Please give back, exactly as written, the lines from the line with "- 102. Sudoku" to the line with "軟質(zhì)絕緣地板采用純" in the listing below, leaving out all pictures.

§ Recorded data
╭──

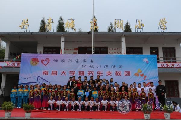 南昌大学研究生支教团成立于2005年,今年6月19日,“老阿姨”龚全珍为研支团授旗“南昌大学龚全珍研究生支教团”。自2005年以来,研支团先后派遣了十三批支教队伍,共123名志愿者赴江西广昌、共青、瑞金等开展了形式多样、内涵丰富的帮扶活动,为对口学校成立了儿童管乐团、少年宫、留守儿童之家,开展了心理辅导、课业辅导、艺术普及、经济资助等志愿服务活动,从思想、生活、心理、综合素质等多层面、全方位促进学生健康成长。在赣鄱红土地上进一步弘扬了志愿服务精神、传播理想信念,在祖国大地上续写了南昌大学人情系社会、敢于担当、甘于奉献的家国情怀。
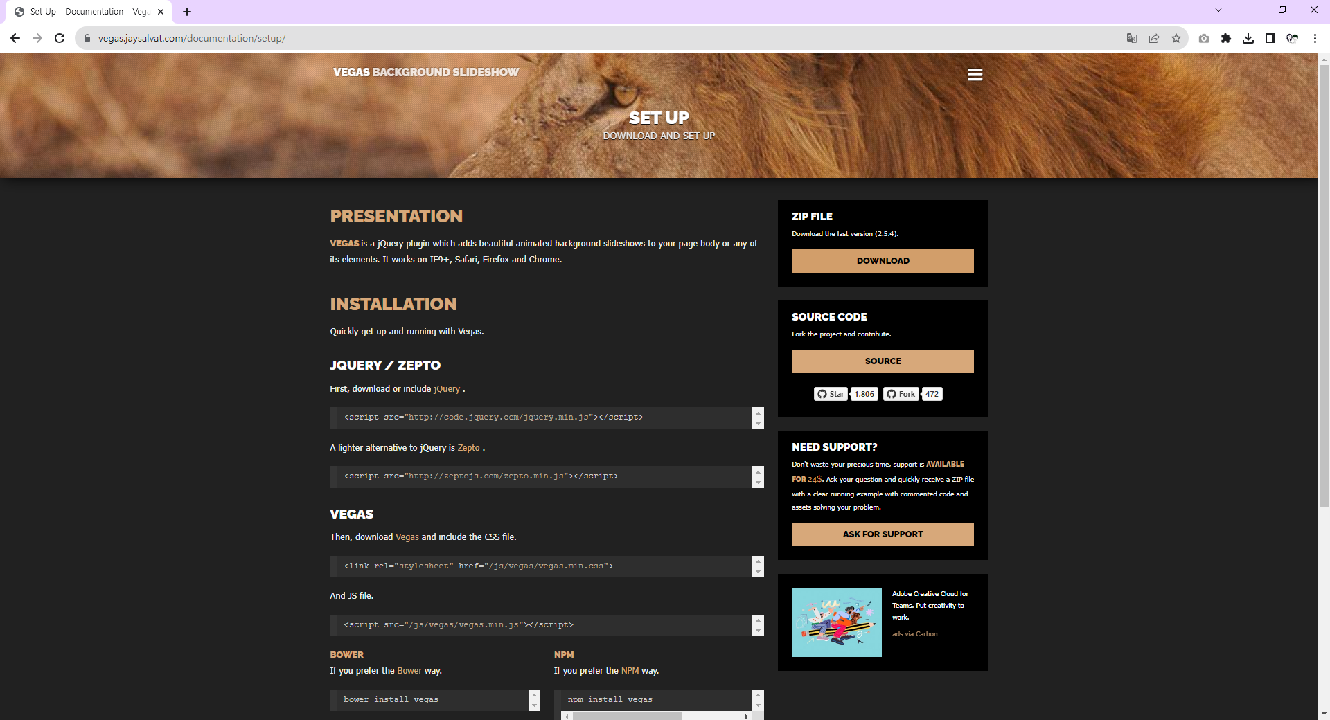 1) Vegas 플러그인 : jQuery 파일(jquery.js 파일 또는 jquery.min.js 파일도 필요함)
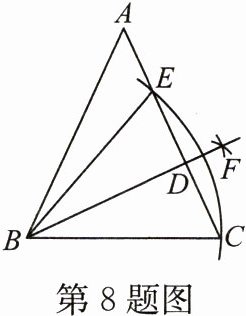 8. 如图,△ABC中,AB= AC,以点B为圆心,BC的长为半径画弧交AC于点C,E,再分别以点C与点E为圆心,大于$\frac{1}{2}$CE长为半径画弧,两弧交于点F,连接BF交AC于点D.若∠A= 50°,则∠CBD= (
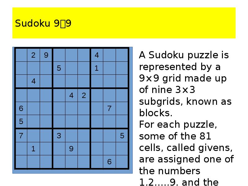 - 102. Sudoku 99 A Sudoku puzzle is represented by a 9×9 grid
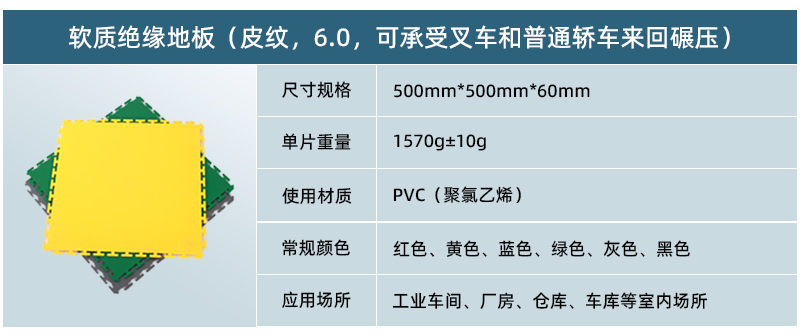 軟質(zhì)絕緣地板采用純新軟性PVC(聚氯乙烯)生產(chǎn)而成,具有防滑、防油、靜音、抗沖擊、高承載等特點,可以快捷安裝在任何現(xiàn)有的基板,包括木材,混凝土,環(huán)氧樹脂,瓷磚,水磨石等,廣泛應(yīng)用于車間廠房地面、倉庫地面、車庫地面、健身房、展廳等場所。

╰──
╭──

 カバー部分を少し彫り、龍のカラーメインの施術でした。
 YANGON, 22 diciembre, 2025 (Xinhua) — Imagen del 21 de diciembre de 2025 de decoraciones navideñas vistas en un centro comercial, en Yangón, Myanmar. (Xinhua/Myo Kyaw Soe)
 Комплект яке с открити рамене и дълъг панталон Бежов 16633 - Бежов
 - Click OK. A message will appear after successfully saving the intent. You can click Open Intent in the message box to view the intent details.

╰──

§ Answer box
 - 102. Sudoku 99 A Sudoku puzzle is represented by a 9×9 grid
 軟質(zhì)絕緣地板采用純新軟性PVC(聚氯乙烯)生產(chǎn)而成,具有防滑、防油、靜音、抗沖擊、高承載等特點,可以快捷安裝在任何現(xiàn)有的基板,包括木材,混凝土,環(huán)氧樹脂,瓷磚,水磨石等,廣泛應(yīng)用于車間廠房地面、倉庫地面、車庫地面、健身房、展廳等場所。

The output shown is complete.